I was the first grandchild - the next one didn't come along until I was 10. My uncle was living at home when we moved in with Gramma after leaving Houston, but he was rarely home and I knew to steer clear of him when he was home; my aunt was off at college and just came home during the holidays. I spent a lot of alone time with my Gramma. A lot.

I slept in the "back bedroom" - it was in the back corner of the house between the bathroom and the entry up to the attic (my favorite place ever!). The wall paper was funky and played tricks on my eyes and there was an evil clown that lived under the bed who tried to tickle my feet at night if they weren't safely tucked under the covers. The back bedroom was okay, but I preferred to stay in my aunt's room across the hall - it was big and bright and, more importantly, clown-free.

On her closet door, there were two posters: one of Steve McQueen from the movie "Le Mans" and one from "Romeo and Juliet" - Olivia Hussey was so beautiful. I must have stared at those two posters for hundreds of hours over the course of my childhood.

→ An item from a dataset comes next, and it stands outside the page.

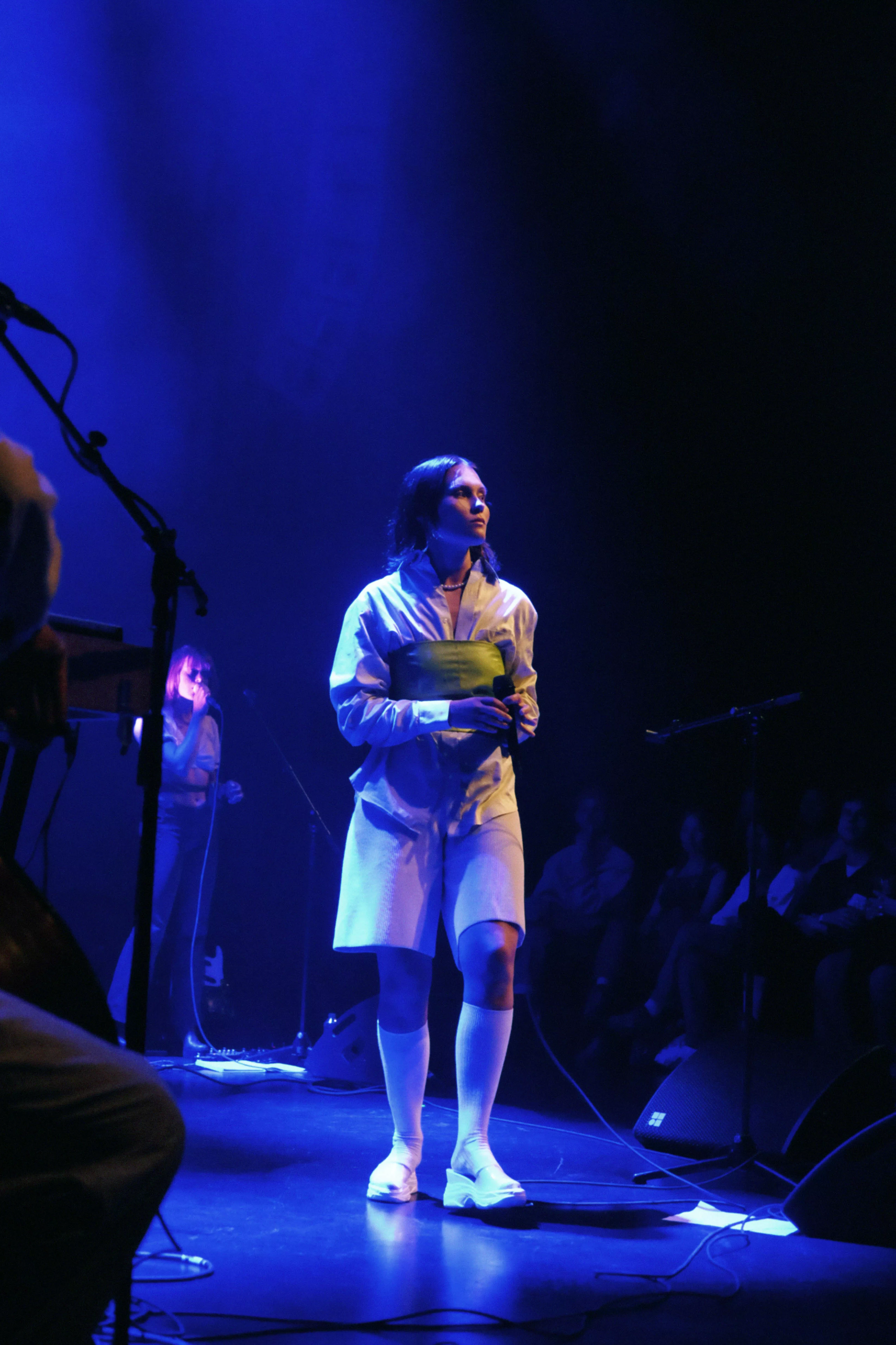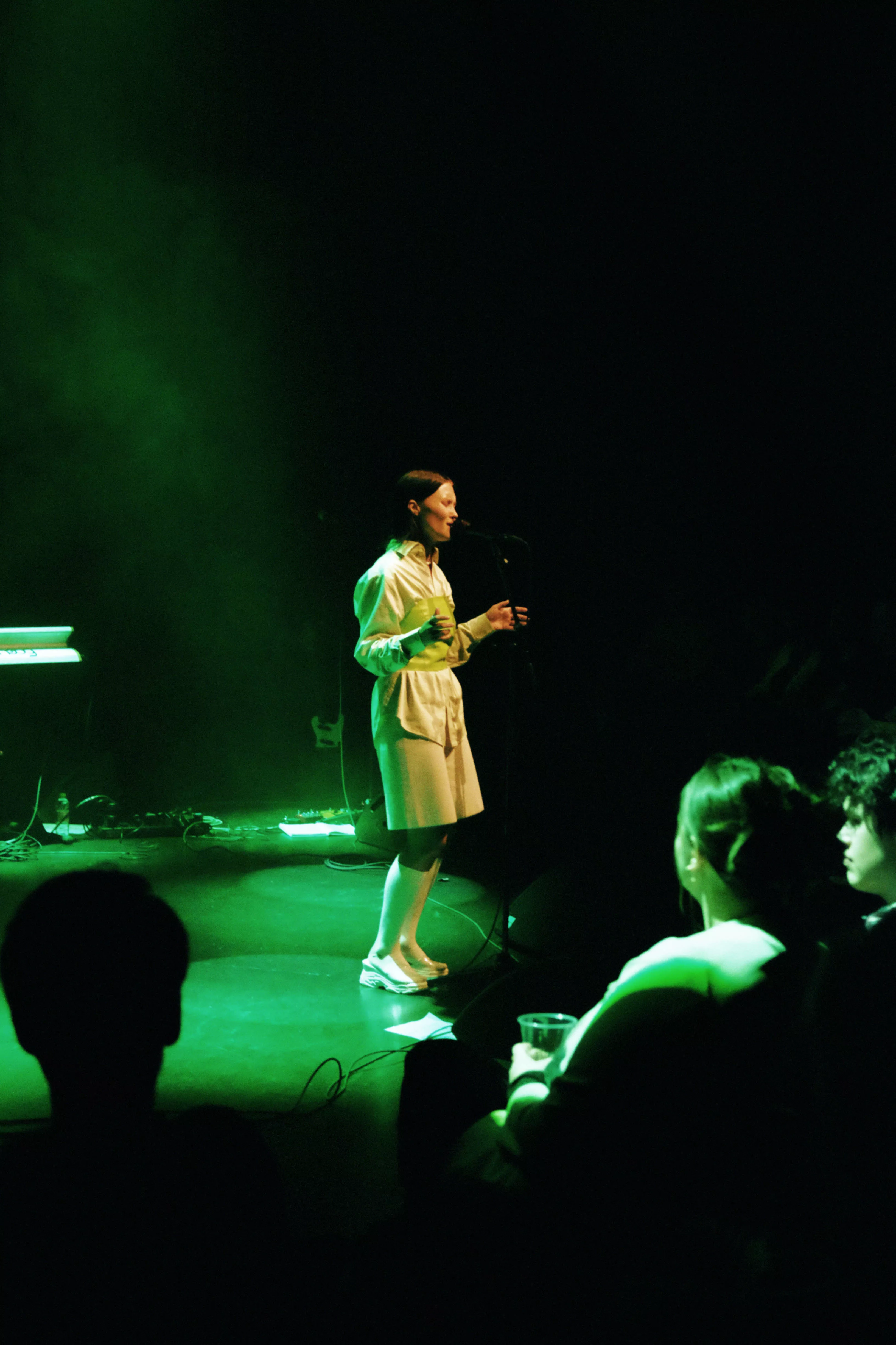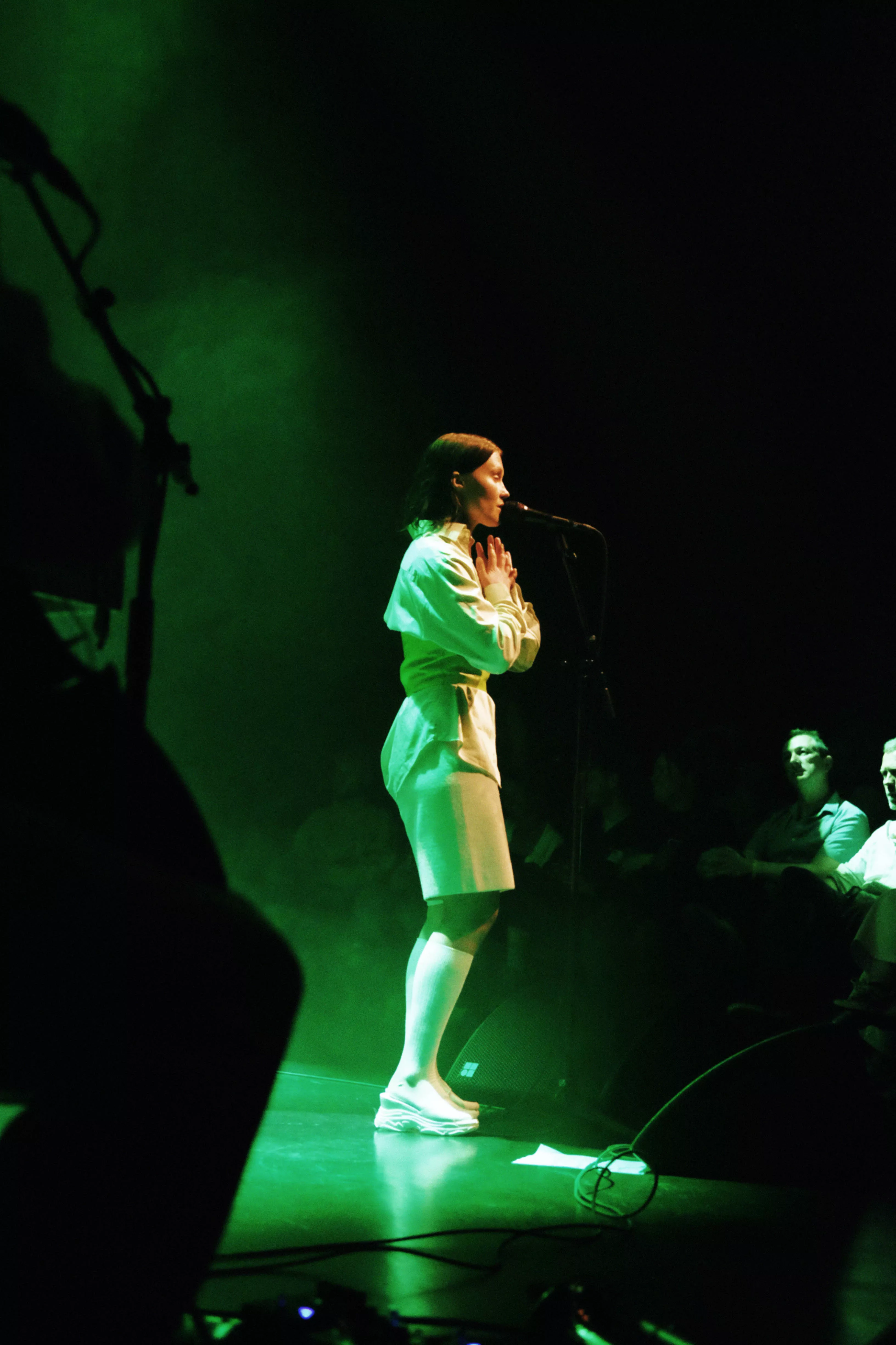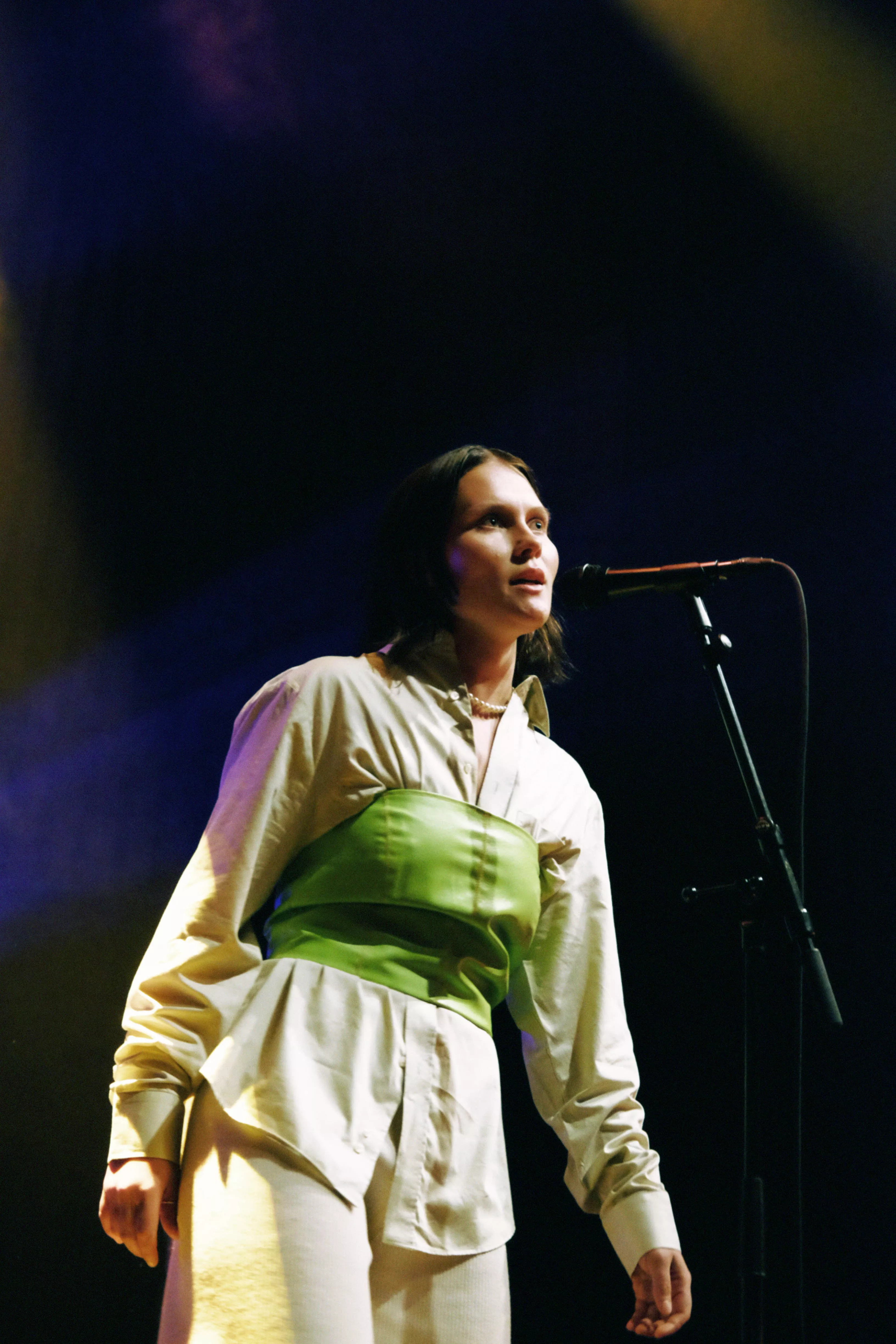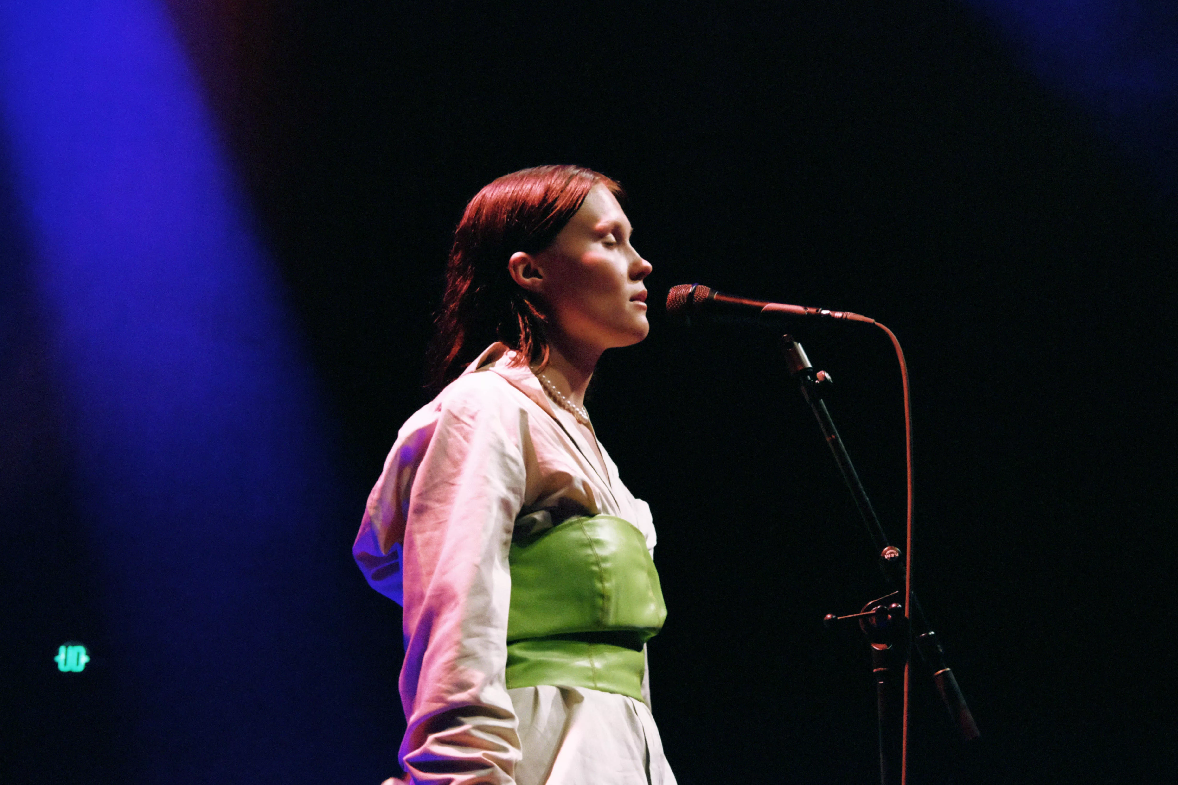 Musikhusets Lille Sal er fyldt til sidste plads, da sanger og sangskriver Viola Faber, bedre kendt som blot Faber, går på scenen lørdag klokken 17. Og scenegulvet er også pænt fyldt op, for Faber har medbragt fem musikere på henholdsvis cello/trompet,
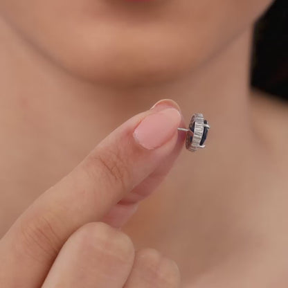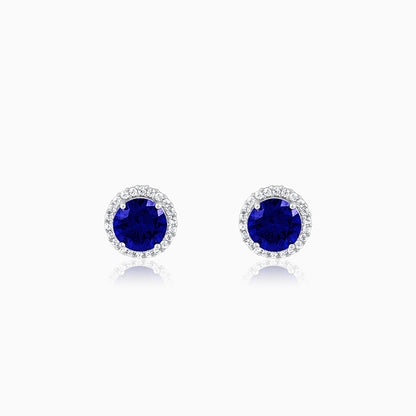These womens silver earrings each feature a circular shape with a coloured stone at the centre, surrounded by zircons, creating a halo design.

Each morning, I would wait for Gramma to poke her head into whichever room I was sleeping and ask me if I wanted to snuggle. I think there was some sort of rule or routine that I wasn't supposed to get out of bed until she came to get me because I don't recall ever getting up before her. Anyway - we'd pad back to her bedroom and I'd take a running leap into her bed (I was pretty little so it was too high off the ground to just get into the regular way), she'd crawl in and we'd snuggle. She was warm and soft and her scent of creams blanketed me. I never went back to sleep, but I would try to lie as still as possible so she could go back to sleep if she wanted. She never slept once she woke up though. She may have "rested her eyes" but she never slept.

After about 15 minutes, we'd get up and go downstairs for breakfast. She'd make my favorite - a toasted blueberry Pop Tart (no frosting) with warm, melty butter and a glass of orange juice - and "we'd" do the Jumble puzzle from the Des Moines Register. Then we'd get ready and she'd take me to work with her. I doubt she took me every morning because, at some point, I started going to kindergarten at Hubbell. I went with her a lot, though, and she was so proud to have me with her. All the people at Banker's Life called me "Gramma's Little Helper" - I felt *so* important.

We'd walk from the "home office" to another building and I swear every single person knew her and said hi to her. I thought she must have been the most important person in the world. She was always so smiley and cheerful and quick to introduce me to anyone we encountered.

I don't know what "grown up" circumstances were going on around me or where my mom was during the months we were living on Harwood Drive, all I know is that it was like heaven and my grandmother was an angel - those were without question the best memories I have of my childhood.

My Gramma. Every time she'd open her purse, it smelled of Certs. She used to vocalize in the car wherever we'd go. The way she'd put her lipstick on after every meal. The way everything was always just so and so very perfect. The way she'd take my face in her hands and touch noses with me ("Nosey pokers!"). Pat my knee while she was driving and say, "I'm so glad you're here, cutie!" She's got a million rituals and a routine for everything and I see so clearly how each of us have adopted her behaviors. Proudly.

She never complained about anything. Ever. She was rarely sick. She ate healthily, walked every day and took very good care of herself. She looked like a movie star, dressed to the nines, and always carried herself with elegance and grace. Her grammar is flawless, her manners impeccable - she is perfect in every way. Every single way.

We all adore her - always have. She is our precious angel. Her unconditional love for each of us has impacted us more profoundly than we can probably ever comprehend. She *is* love.

Where so many people fall short - she never has. She has always risen to the occasion - every occasion - and done the job that no one else would ever have the strength to do. I think it's fair to say that she's never disappointed anyone in her life.

I know that someone reading this will doubt what I've written, but if you know her, then you know truer words have never be written.